My main focus is on accelerating clinical trials in rare disease by moving beyond “one disease at a time” approaches.
What have been your core priorities since your appointment as Program Director of the Office of Rare Disease Research in August 2018?
My main focus is on accelerating clinical trials in rare disease by moving beyond “one disease at a time” approaches. This includes developing therapeutics that target shared molecular mechanisms underlying multiple rare diseases, and the implementation of platform vector gene therapy trials.
It is an approach we feel very strongly about at NCATS, given the current rate at which we are developing rare disease treatments. We have to do it better and faster – not just a little bit better and faster but we have to improve by an order of magnitude.
Many rare diseases are genetic diseases, with a limited number of underlying causes (etiologies). Therefore, gene therapy, gene editing, and focusing on shared molecular etiologies have tremendous potential for such diseases.

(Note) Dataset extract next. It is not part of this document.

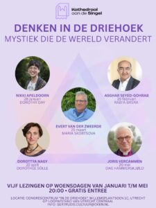 Wereldverandering en mystiek lijken soms elkaars tegenpolen. Toch laat Denken in de Driehoek in 2026 zien hoe mystieke spiritualiteit juist kan leiden tot radicale betrokkenheid bij de wereld. Vijf mystiek geïnspireerde vrouwen en mannen uit verschillende culturen en tijdperken staan centraal. Hun geloof beweegt hen tot zorg voor de schepping, strijd tegen onrecht, gastvrijheid, vrede en diepe menselijkheid.

NCATS describes itself as a different breed of scientific organization with an unprecedented mission. What exactly makes the centre so unique and pioneering?

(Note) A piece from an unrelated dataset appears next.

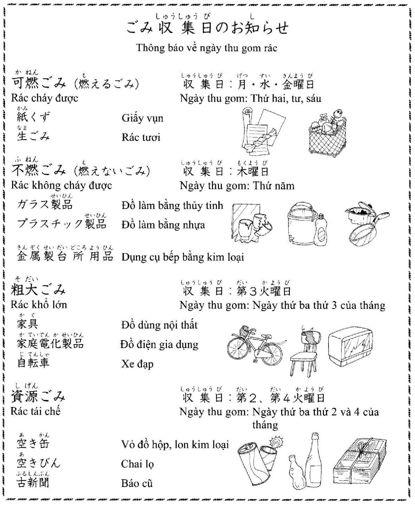 Từ vựng mở rộng về phân loại rác và ngày thu gom: 可燃ごみ, 不燃ごみ, 資源ごみ, 粗大ごみ… giúp đọc thông báo đổ rác và sống đúng quy định ở Nhật.

NCATS is unique because we focus on translation as a scientific discipline. Nearly every NIH Institute and Center supports translational research in their efforts to develop treatments for specific diseases. At NCATS however, our focus is the scientific study of the translational process. We are constantly looking to make this process better, faster and ultimately bring more treatments to more patients more quickly. In addition, we are disease agnostic and thus cut across all the different NIH Institutes and Centers. Our new approaches can potentially impact all of them, which is very exciting.

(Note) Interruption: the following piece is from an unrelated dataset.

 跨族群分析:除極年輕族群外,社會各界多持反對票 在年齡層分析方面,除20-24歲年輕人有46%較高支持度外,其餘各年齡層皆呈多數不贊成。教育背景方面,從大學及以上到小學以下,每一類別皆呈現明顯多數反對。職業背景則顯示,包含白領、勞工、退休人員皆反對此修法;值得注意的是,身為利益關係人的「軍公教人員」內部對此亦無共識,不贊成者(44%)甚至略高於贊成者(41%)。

In addition, all our projects are very collaborative in nature. Translation is truly a team sport. The old model, where there is one researcher in his lab, developing a drug, is outdated. At NCATS, we embrace collaboration. In fact, within the NCATS Division of Preclinical Innovation, which houses the Therapeutics for Rare and Neglected Diseases (TRND) program, (https://ncats.nih.gov/trnd) every project is a collaboration with an outside group.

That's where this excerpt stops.